RAW DATA
+--

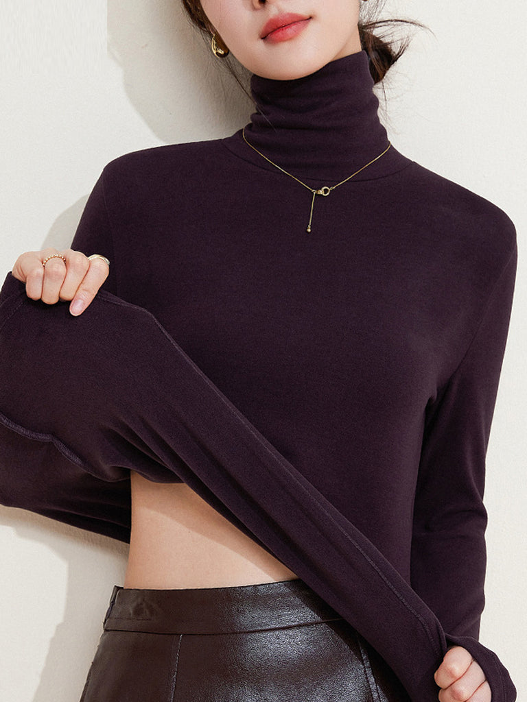 Women Autumn Pure Color Wool Turtleneck Sweater
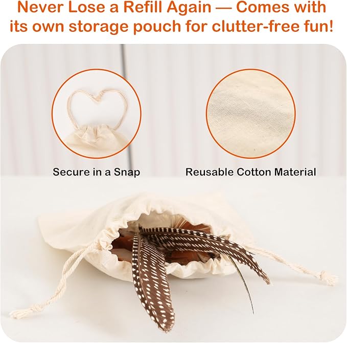 - 6.After‑Sales Care & Support Refills ship nestled together to minimize plastic waste—feathers may bend slightly in transit. To restore them, dip in warm water (122 °F+) for 10 seconds and gently reshape.Thank you for your understanding in protecting our planet! If you have any concerns, please feel free to reach out, we’re here to help you and your cat every step of the way.
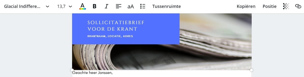 Schrijf de tekst van je sollicitatiebrief eerst in Word zodat je zeker weet dat er geen fouten in zitten en dat dit de tekst is die je hebben wil. Je kunt deze tekst later kopiëren en plakken naar Canva.
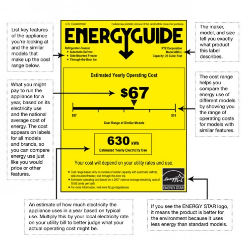 Tìm các mẫu có nhãn dán màu vàng sáng hoặc thẻ trên thiết bị có dòng chữ “Energy Guide”. Nhãn này sẽ cho bạn biết một đồ gia dụng sử dụng hết bao nhiêu điện năng và có thể giúp so sánh mức sử dụng năng lượng của các thiết bị khác nhau. Chi phí trên nhãn EnergyGuide dựa theo giá điện trung bình toàn quốc và mức sử dụng năng lượng trung bình của đồ gia dụng đó. Chi phí bạn phải trả phụ thuộc vào giá điện và mức độ thường xuyên sử dụng thiết bị đó.

+--

WHAT YOU HAVE TO DO
Please write out the lines above exactly, from the one that contains "Schrijf de tekst" through the final line, and include none of the pictures.

WRITTEN ANSWER
 Schrijf de tekst van je sollicitatiebrief eerst in Word zodat je zeker weet dat er geen fouten in zitten en dat dit de tekst is die je hebben wil. Je kunt deze tekst later kopiëren en plakken naar Canva.
 Tìm các mẫu có nhãn dán màu vàng sáng hoặc thẻ trên thiết bị có dòng chữ “Energy Guide”. Nhãn này sẽ cho bạn biết một đồ gia dụng sử dụng hết bao nhiêu điện năng và có thể giúp so sánh mức sử dụng năng lượng của các thiết bị khác nhau. Chi phí trên nhãn EnergyGuide dựa theo giá điện trung bình toàn quốc và mức sử dụng năng lượng trung bình của đồ gia dụng đó. Chi phí bạn phải trả phụ thuộc vào giá điện và mức độ thường xuyên sử dụng thiết bị đó.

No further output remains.